[[ MATERIAL PROVIDED open ]]

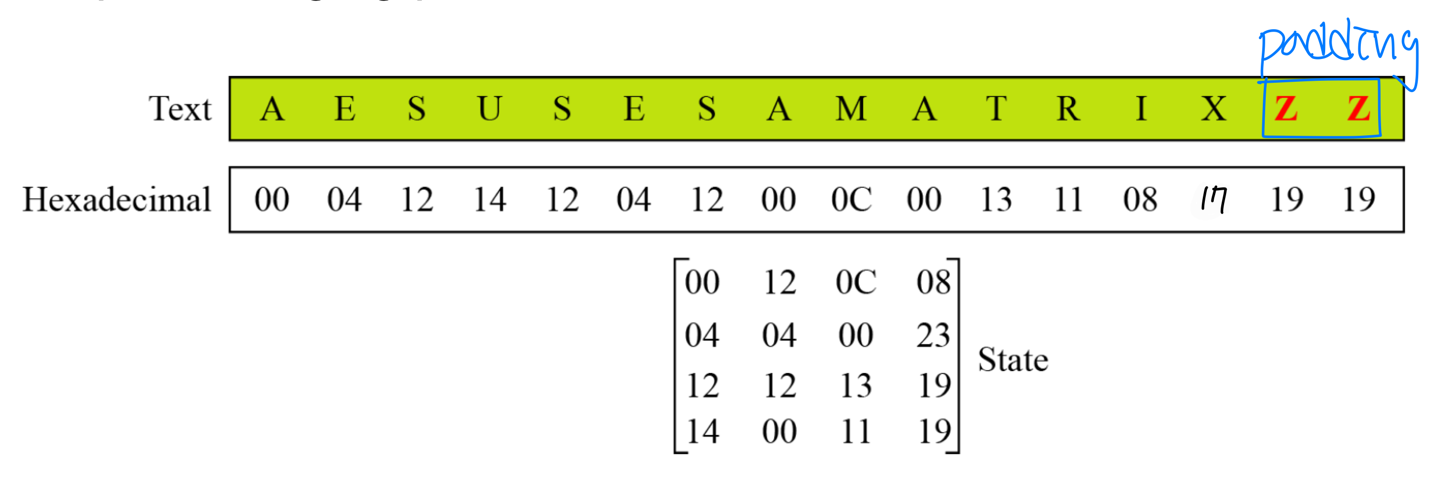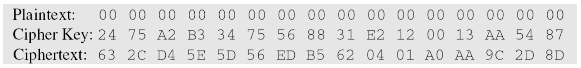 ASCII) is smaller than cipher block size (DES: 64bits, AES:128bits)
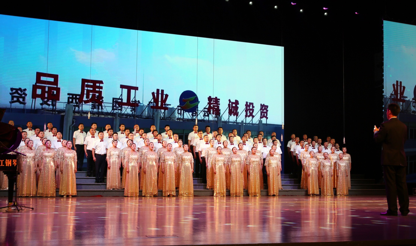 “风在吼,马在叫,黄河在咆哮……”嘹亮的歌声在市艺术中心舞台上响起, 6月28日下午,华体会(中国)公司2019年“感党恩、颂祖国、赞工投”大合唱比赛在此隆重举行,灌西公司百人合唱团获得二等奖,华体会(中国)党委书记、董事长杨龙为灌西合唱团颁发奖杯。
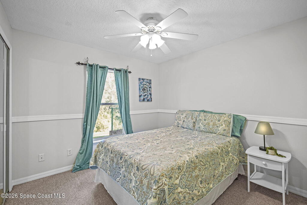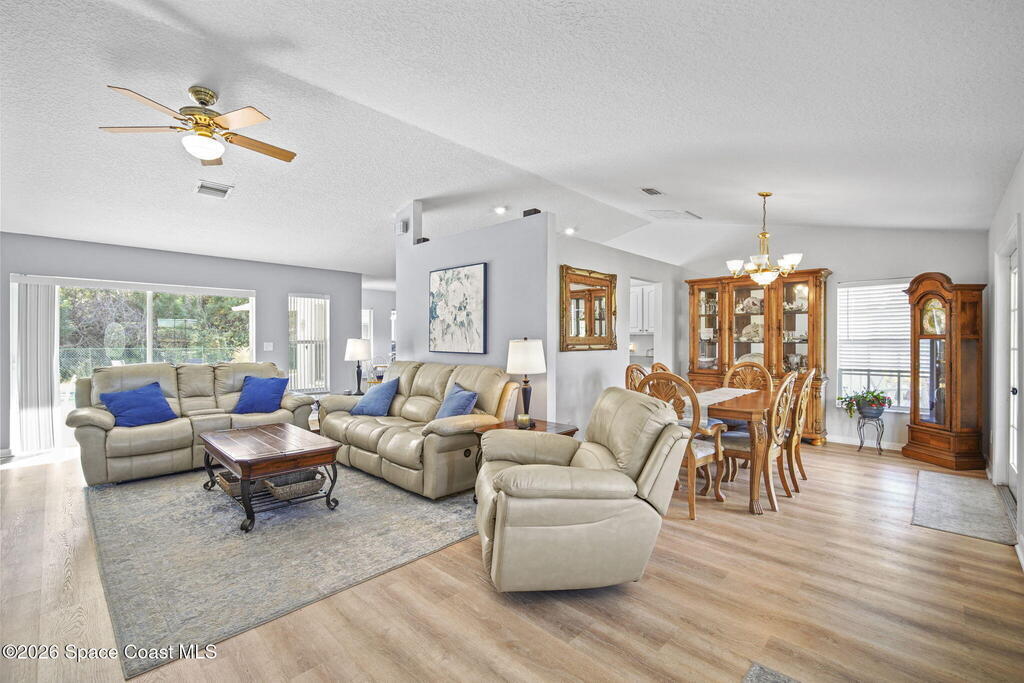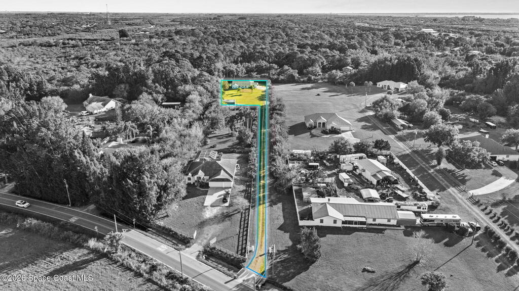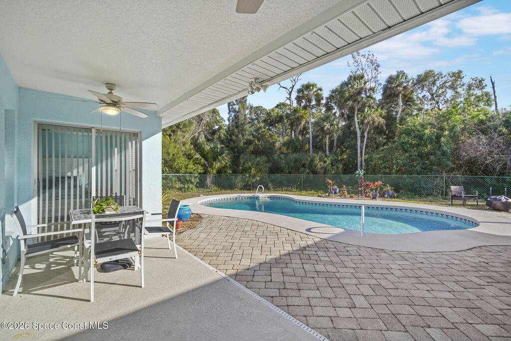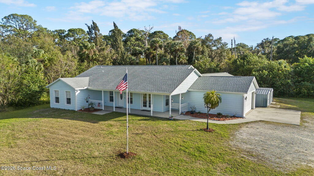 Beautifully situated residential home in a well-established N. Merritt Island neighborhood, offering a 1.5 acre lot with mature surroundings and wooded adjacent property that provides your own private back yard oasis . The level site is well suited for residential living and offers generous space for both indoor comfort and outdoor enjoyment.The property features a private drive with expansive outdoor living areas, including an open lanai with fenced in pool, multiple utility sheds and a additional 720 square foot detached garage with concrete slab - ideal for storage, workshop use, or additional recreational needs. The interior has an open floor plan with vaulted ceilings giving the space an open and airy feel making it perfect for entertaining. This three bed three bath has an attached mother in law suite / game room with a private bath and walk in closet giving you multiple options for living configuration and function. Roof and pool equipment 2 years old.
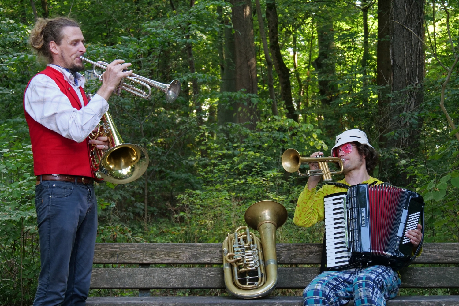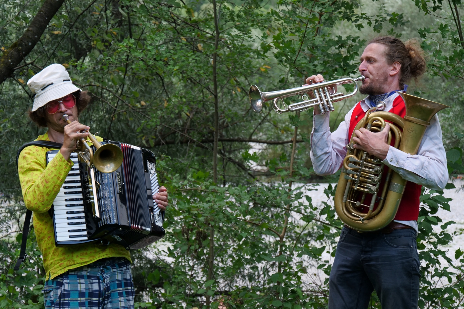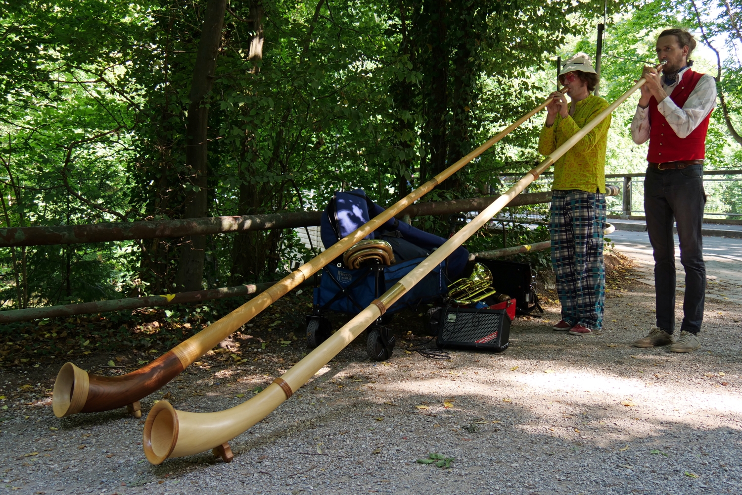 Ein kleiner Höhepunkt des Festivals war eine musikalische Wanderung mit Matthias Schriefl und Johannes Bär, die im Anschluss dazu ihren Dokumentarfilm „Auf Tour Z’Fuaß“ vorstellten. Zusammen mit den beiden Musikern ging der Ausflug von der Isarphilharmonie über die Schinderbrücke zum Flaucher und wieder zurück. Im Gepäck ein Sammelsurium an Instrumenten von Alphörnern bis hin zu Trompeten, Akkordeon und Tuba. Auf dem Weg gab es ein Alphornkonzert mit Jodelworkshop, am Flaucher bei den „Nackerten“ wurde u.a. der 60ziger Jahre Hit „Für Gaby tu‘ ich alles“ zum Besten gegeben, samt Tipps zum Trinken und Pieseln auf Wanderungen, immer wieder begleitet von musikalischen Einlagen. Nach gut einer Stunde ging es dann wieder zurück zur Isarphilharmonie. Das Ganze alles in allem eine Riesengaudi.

[[ MATERIAL PROVIDED closed ]]

● TASK ITEM
The copy must match the listing above exactly, except that it holds no pictures.

● EXERCISE RESULT
 ASCII) is smaller than cipher block size (DES: 64bits, AES:128bits)
 “风在吼,马在叫,黄河在咆哮……”嘹亮的歌声在市艺术中心舞台上响起, 6月28日下午,华体会(中国)公司2019年“感党恩、颂祖国、赞工投”大合唱比赛在此隆重举行,灌西公司百人合唱团获得二等奖,华体会(中国)党委书记、董事长杨龙为灌西合唱团颁发奖杯。
 Beautifully situated residential home in a well-established N. Merritt Island neighborhood, offering a 1.5 acre lot with mature surroundings and wooded adjacent property that provides your own private back yard oasis . The level site is well suited for residential living and offers generous space for both indoor comfort and outdoor enjoyment.The property features a private drive with expansive outdoor living areas, including an open lanai with fenced in pool, multiple utility sheds and a additional 720 square foot detached garage with concrete slab - ideal for storage, workshop use, or additional recreational needs. The interior has an open floor plan with vaulted ceilings giving the space an open and airy feel making it perfect for entertaining. This three bed three bath has an attached mother in law suite / game room with a private bath and walk in closet giving you multiple options for living configuration and function. Roof and pool equipment 2 years old.
 Ein kleiner Höhepunkt des Festivals war eine musikalische Wanderung mit Matthias Schriefl und Johannes Bär, die im Anschluss dazu ihren Dokumentarfilm „Auf Tour Z’Fuaß“ vorstellten. Zusammen mit den beiden Musikern ging der Ausflug von der Isarphilharmonie über die Schinderbrücke zum Flaucher und wieder zurück. Im Gepäck ein Sammelsurium an Instrumenten von Alphörnern bis hin zu Trompeten, Akkordeon und Tuba. Auf dem Weg gab es ein Alphornkonzert mit Jodelworkshop, am Flaucher bei den „Nackerten“ wurde u.a. der 60ziger Jahre Hit „Für Gaby tu‘ ich alles“ zum Besten gegeben, samt Tipps zum Trinken und Pieseln auf Wanderungen, immer wieder begleitet von musikalischen Einlagen. Nach gut einer Stunde ging es dann wieder zurück zur Isarphilharmonie. Das Ganze alles in allem eine Riesengaudi.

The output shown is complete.